A Babel Nossa Desde Sempre

Incrível o número de associações que são despertadas pelo filme Babel. A discussão da afetividade ferida num casal, que dá início ao filme, mostra americana irritada com o companheiro, que a feriu num momento crucial, quando perdeu um bebê e não teve o apoio que necessitava. Os cortes do filme, que logo nos levam aos Estados Unidos, onde a babá dos outros filhos do mesmo casal, quer ir ao casamento do neto, no além fronteira americana com o México e recebe um pedido do patrão para não se afastar.

A câmara acompanha outra personagem, uma jovem japonesa se iniciando nas drogas e na vida e, nesta altura pensei: quero saber dos camponeses da situação anterior: dois meninos recebem do pai uma espingarda japonesa, para atirar nos lobos que atormentam seu rebanho.

Inexperientes, atiram em um ônibus, que leva o casal em questão, atingindo a esposa.. O pandemônio se instala..

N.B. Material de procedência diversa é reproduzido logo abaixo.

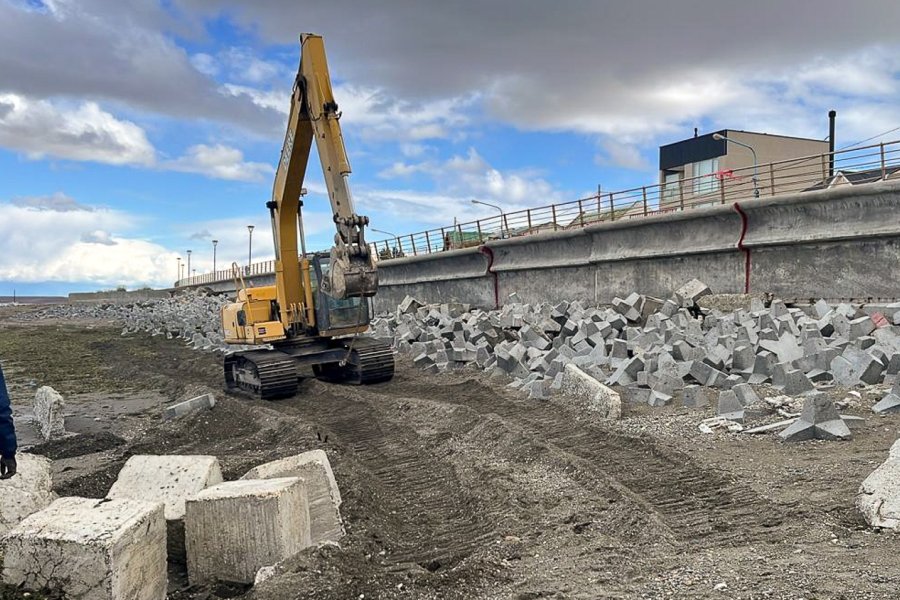 En dicho sector afectado, el Municipio de Río Grande se encuentra realizando tareas de saneamiento y mitigación con maquinaria y personal municipal. Las labores iniciales implican la construcción de una barrera para el rompimiento del oleaje, lo que permitirá avanzar en el calzamiento del muro y progresivamente llevarlo a su nivel original.

O que fazer com alguém ferido numa estrada de uma região quase deserta? Tanto a situação da babá que termina por ir à festa, levando consigo os meninos, como uma pessoa ferida numa fronteira próxima a um país que está em guerra – e esta é muito fácil encontrar na África - como

a fronteira dos México com os EUA, mostram situações limite. Para a americana, há um hospital no país vizinho, mas o ônibus não pode leva-la. Mesmo um helicóptero fica sob ameaça, devido à fronteira em litígio. O enredo se detém no entrelaçamento destas vidas, em locais e situações sócio-econômicas tão diferentes, do Marrocos aos Estados Unidos, passando por México e Japão.

Tanto americanos como japoneses pertencem a classes abastadas. E o japonês, numa de suas caçada, presenteia seu guia marroquino com uma cobiçada espingarda. Os contrastes, não os mais ostensivos, como o apartamento onde residem pai e filha no Japão, como a residência dos americanos, mas sim, as atitudes chamam a atenção: são pessoas corretas e até generosas, o roteirista fugiu ao clichê de qualquer arrogância. Refiro-me ao contraste do que eles têm a sua disposição em momentos cruciais de suas vidas: para a babá surpreendida em sua volta da festa com um sobrinho dirigindo embriagado e duas crianças americanas no banco de trás do carro, ocorre uma perseguição que termina com sua expulsão dos EUA e pode-se ver o absurdo de ela dizer: eu moro e trabalho aqui há dezesseis anos, tenho uma vida de labuta, comprei uma casa.. Nada disto conta porque fiz uma bobagem?

Para a americana, deixada num lugarejo próximo e naquele momento entre a vida e a morte, há os recursos médicos locais: um veterinário que faz uma costura a frio e que salva sua vida, não é claro sem passar posteriormente, por um hospital onde recebe o atendimento que todos merecem, mas que seria inútil sem aquela cirurgia.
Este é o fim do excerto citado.